Heath, KÓS and Gilbert JJ

CIV 2014-485-5698

Between
Earthquake Commission
Plaintiff

And

and
Insurance Council Of New Zealand Incorporated
First Defendant
Christchurch City Council
Second Defendant
Southern Response Earthquake Services Ltd
Third Defendant
Counsel:

J E Hodder QC, B A Scott, T D Smith and G K Rippingale for Plaintiff

D J Goddard QC, J D Every-Palmer and S K Swinerd for First Defendant

D A Ward for Second Defendant

D J Friar and M Powell for Third Defendant

D A Webb and S Goodwin for Flockton Cluster Group (Intervener)

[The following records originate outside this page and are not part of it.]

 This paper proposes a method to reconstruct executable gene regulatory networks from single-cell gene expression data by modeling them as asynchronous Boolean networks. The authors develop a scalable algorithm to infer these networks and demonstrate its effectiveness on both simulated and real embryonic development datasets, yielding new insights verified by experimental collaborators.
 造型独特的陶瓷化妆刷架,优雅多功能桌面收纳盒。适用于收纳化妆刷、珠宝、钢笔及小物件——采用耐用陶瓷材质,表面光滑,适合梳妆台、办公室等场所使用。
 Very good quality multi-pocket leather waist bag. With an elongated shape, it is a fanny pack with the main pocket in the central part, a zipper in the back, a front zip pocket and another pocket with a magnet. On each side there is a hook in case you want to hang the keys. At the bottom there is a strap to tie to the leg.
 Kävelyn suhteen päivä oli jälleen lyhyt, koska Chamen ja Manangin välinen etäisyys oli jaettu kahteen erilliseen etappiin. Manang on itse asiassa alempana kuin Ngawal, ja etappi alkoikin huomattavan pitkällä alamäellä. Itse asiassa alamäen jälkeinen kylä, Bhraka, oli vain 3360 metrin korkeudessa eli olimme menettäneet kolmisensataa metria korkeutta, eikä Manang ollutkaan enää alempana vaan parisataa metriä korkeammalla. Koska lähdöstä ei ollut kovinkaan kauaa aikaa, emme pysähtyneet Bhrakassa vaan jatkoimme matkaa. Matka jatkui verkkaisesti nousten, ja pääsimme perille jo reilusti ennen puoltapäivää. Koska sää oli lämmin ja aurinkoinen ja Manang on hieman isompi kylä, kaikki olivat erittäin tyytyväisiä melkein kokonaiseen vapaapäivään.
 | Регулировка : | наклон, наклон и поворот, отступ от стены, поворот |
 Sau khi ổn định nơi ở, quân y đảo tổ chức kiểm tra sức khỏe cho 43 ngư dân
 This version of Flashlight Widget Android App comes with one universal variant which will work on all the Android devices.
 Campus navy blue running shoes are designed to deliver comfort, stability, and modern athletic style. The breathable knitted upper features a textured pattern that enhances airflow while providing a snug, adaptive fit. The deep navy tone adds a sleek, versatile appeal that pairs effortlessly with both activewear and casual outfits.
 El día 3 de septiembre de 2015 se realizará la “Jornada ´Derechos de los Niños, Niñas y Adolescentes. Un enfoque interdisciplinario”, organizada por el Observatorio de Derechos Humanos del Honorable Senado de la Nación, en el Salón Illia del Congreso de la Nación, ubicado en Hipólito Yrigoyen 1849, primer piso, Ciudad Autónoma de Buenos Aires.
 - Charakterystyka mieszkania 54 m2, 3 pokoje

G D R Shand and J A Glucina for Ms D Culf (Intervener) T C Weston QC and K L Clark QC, amici curiae

Catchline: Application by the Earthquake Commission for declarations giving effect to a Policy it had developed for resolving claims relating to increased flooding vulnerability (IFV) — Commission sought sanction of the Policy in advance of its implementation — proceeding concerned damage to residential land caused by the Canterbury earthquakes — whether “natural disaster damage” in the Earthquake Commission Act 1993 included IFV — whether that extended to residential buildings on damaged land which were not themselves independently damaged — whether the Commission could adopt standardised methodologies for calculating the payment of settlements based on an indemnity basis rather than reinstatement — whether it was appropriate to grant anticipatory relief as to the legitimacy of the Policy either by way of judicial review or under the Declaratory Judgments Act 1908 — whether the Policy was valid — whether claimants were limited to judicial review proceedings when challenging the Commission over incorrect determinations as to cover.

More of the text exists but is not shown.